[Records provided Boundary: Start]
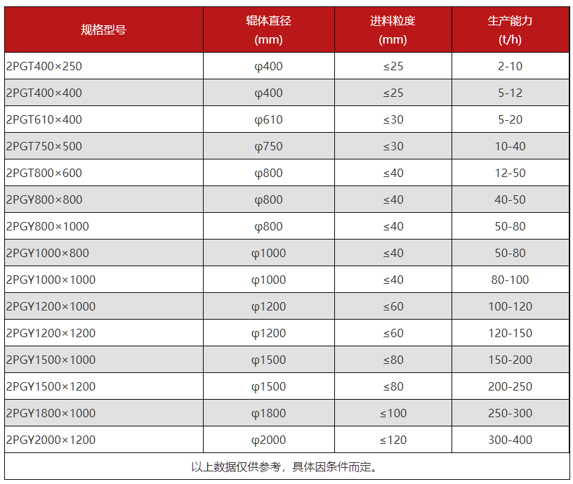 市場生產(chǎn)這類對輥制砂機(jī)設(shè)備的廠家有很多,不同廠家產(chǎn)出設(shè)備型號多少肯定是有差異的。這里以紅星對輥制砂機(jī)設(shè)備為例,具體設(shè)備型號規(guī)格羅列如下:
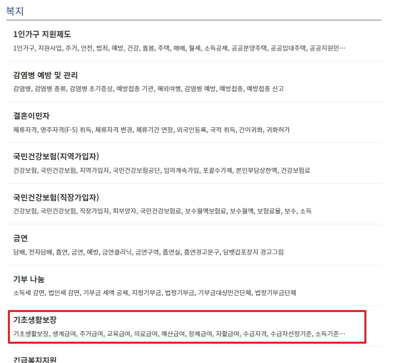 복지 아이콘을 선택한 후 기초생활보장 메뉴로 이동합니다. 이 과정을 통해 사용자는 복지와 관련된 다양한 정보에 접근할 수 있습니다.
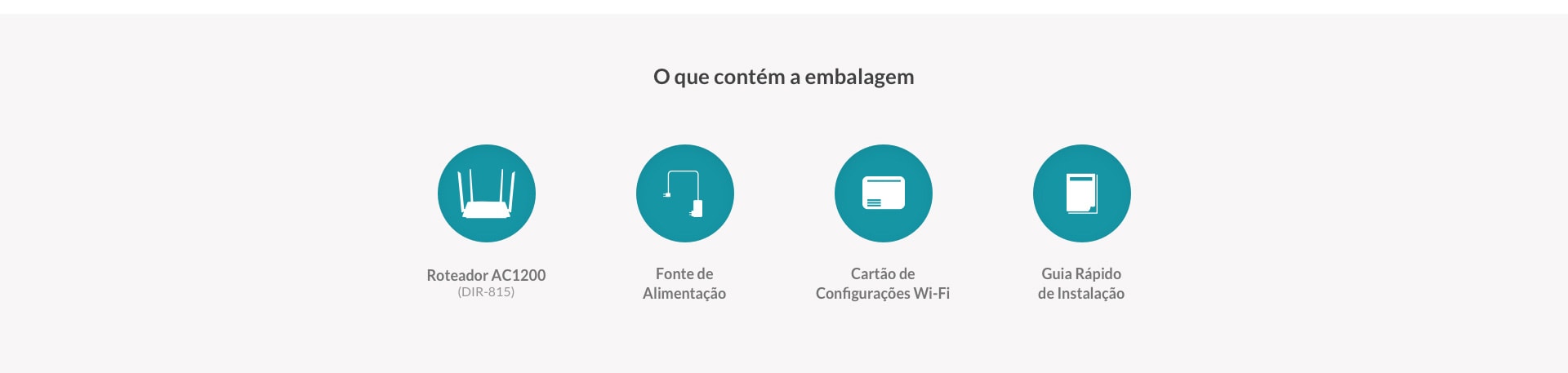 | Conteúdo da Embalagem | Roteador D-Link DIR-815 Cartão de Configuração Wi-Fi Fonte de Alimentação Guia de Instalação Rápida | |
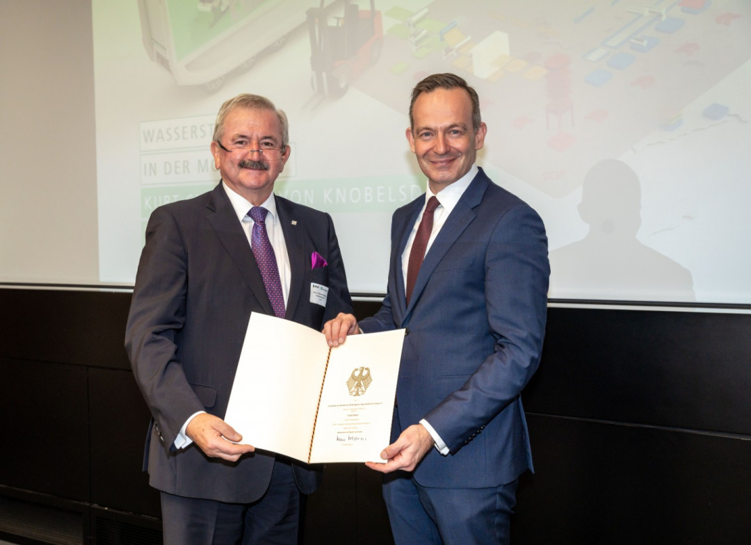 Bundesverkehrsminister Dr. Volker Wissing übergab am 13. September 2022 in Berlin den Fördermittelbescheid über rund 80 Mio. Euro für „H2GO – Nationaler Aktionsplan Brennstoffzellen-Produktion“. H2GO bündelt die Aktivitäten von 19 Fraunhofer-Instituten mit dem Ziel einer signifikanten CO2-Reduzierung in der Lastenmobilität. Im Fokus stehen dabei Entwicklung und Rollout von industriellen Technologien zur wirtschaftlichen Produktion von Brennstoffzellen, vorrangig für den straßengebundenen Schwerlastverkehr. Die Gesamtkoordination des Forschungsverbundes mit den insgesamt fünf Teilverbünden liegt beim Fraunhofer-Institut für Werkzeugmaschinen und Umformtechnik IWU.
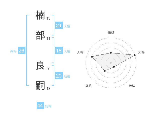 楠部 良嗣さんを姓名の画数から五運を鑑定
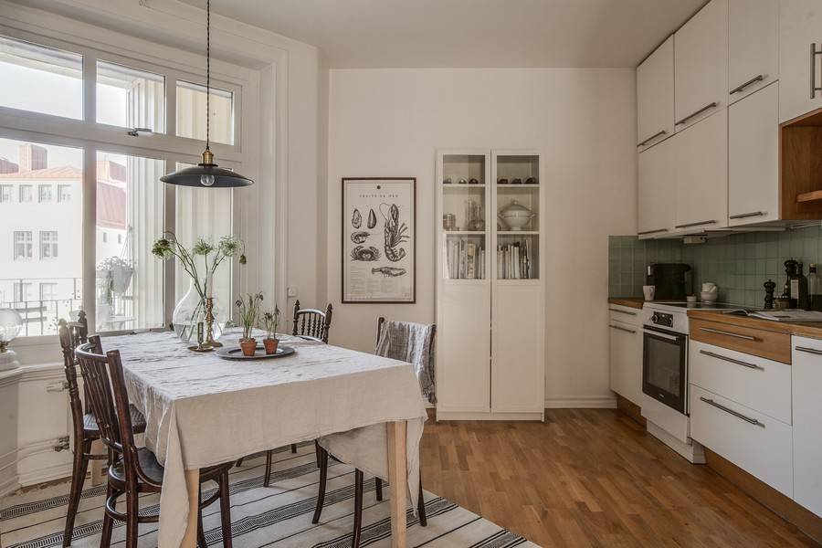 большие предметы обстановки и габаритная меблировка. Установите в помещении массивный кухонный гарнитур, стол, имеющий грубую фактуру или нечеткую форму, старый буфет либо шкаф для размещения посуды;
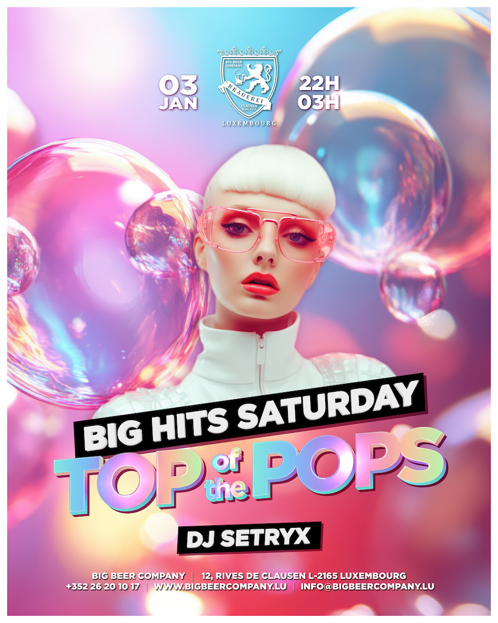 • 2026-01-03 22:00:00 2026-01-03 23:00:00 Europe/Paris Big hits saturday - Top of the pops SATURDAY'S BIG HITS All your favorite hits from TOP OF THE POPS, all night long! • DJ Setryx • 10:00 p.m.–3:00 a.m. Sing loudly, dance even louder, enjoy the weekend! Big Beer Company, Rives de Clausen, Grund, Luxembourg Big Beer Company
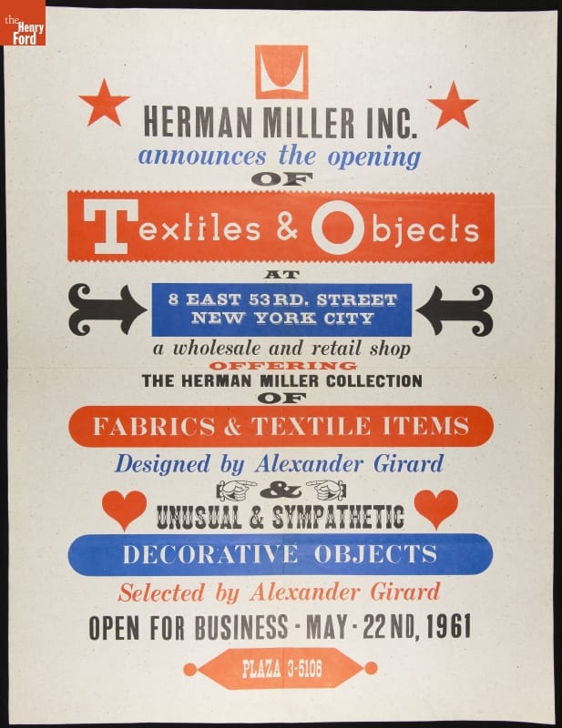 Announcement of the Herman Miller Collection of Fabrics & Textile Items by Alexander Girard for Sale at a Shop, May 1961
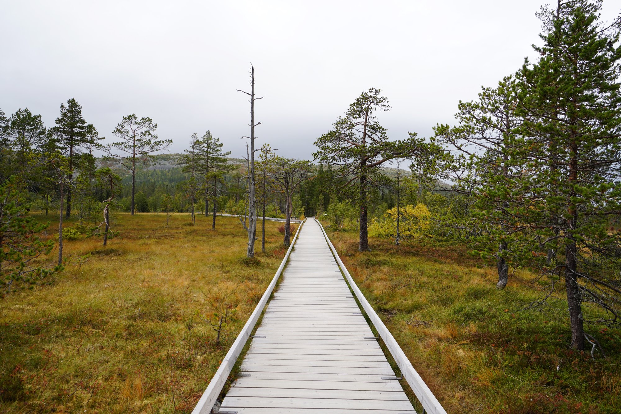 Je kunt allerlei verschillende wandelingen volgen vanaf het bezoekerscentrum. Van 3 kilometer tot tientallen of wel 100+ kilometer, je kan het zo gek maken als je zelf wil. Wij weten dat we in ieder geval de hoogste waterval van Zweden willen zien en beginnen dus met het pad die kant op.
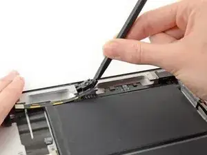 Антенна прикреплена к нижней части iPad с помощью винтов и кабеля. Этот шаг отделяет антенну от передней панели, чтобы при снятии панели антенна не была повреждена.
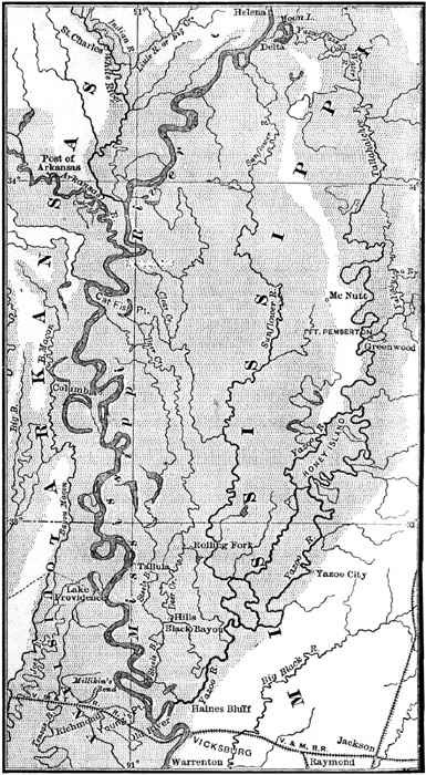 At a few points of the banks high land is encountered. On the right, or western, bank there is but one such, at Helena, in the State of Arkansas, between three and four hundred miles below Cairo. On the left bank such points are more numerous. The first is at Columbus, twenty-one miles down the stream; then follow the bluffs at Hickman, in Kentucky; a low ridge (which also extends to the right bank) below New Madrid, rising from one to fifteen feet above overflow; the four Chickasaw bluffs in Tennessee, on the southernmost of which is the city of Memphis; and finally a rapid succession of similar bluffs extending for two hundred and fifty miles, at short intervals, from Vicksburg, in Mississippi, about six hundred miles below Cairo, to Baton Rouge, in Louisiana. Of these last Vicksburg, Grand Gulf, and Port Hudson became the scenes of important events of the war.
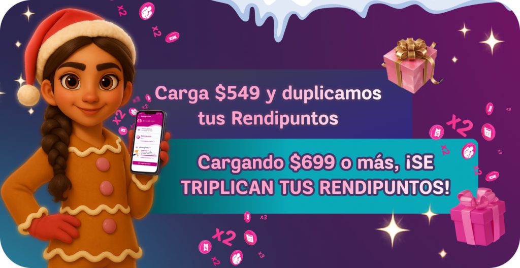 Sujeto a disponibilidad. Promoción válida únicamente los viernes del 24 de noviembre al 24 de diciembre de 2025. Al cargar $549 y utilizar la app Rendichicas al momento de la carga, obtienes rendipuntos dobles. Al cargar $699 o más y utilizar la app Rendichicas al momento de la carga, obtienes rendipuntos triples. Promoción válida hasta agotar existencias. Aplican restricciones.
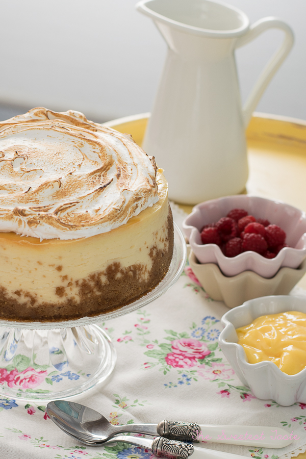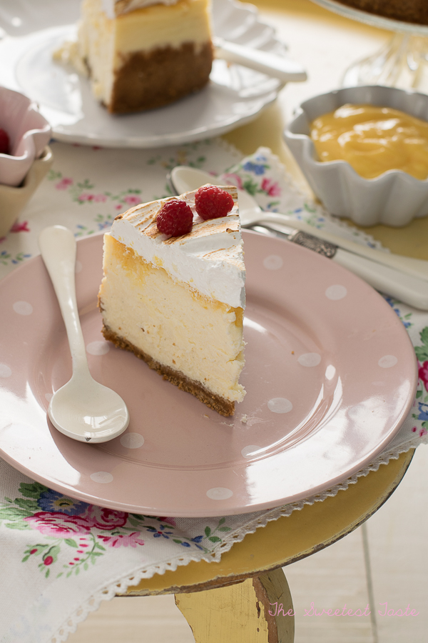 Si no os gusta el merengue no lo pongáis, si os gusta mucho ponedle el doble. Lo podéis acompañar de un poco de nata montada (crema de leche), como el cheesecake no es demasiado dulce le irá de perlas.
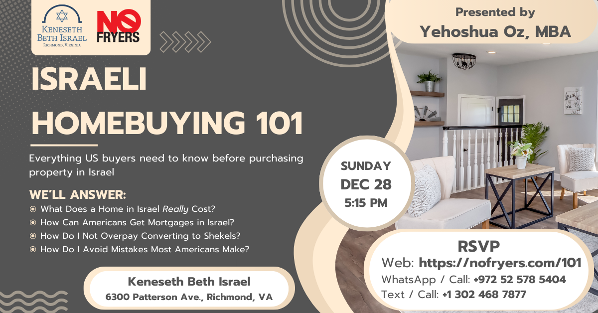 Presented by Yehoshua Oz, an Israel-based mortgage broker and financial coach who helps buyers navigate the Israeli homebuying process
[Records provided Boundary: End]
Prompt:
Put down exactly the lines of the data above that run from its first line through the line bearing "복지 아이콘을 선택한", and no pictures.

Solved exercise:
 市場生產(chǎn)這類對輥制砂機(jī)設(shè)備的廠家有很多,不同廠家產(chǎn)出設(shè)備型號多少肯定是有差異的。這里以紅星對輥制砂機(jī)設(shè)備為例,具體設(shè)備型號規(guī)格羅列如下:
 복지 아이콘을 선택한 후 기초생활보장 메뉴로 이동합니다. 이 과정을 통해 사용자는 복지와 관련된 다양한 정보에 접근할 수 있습니다.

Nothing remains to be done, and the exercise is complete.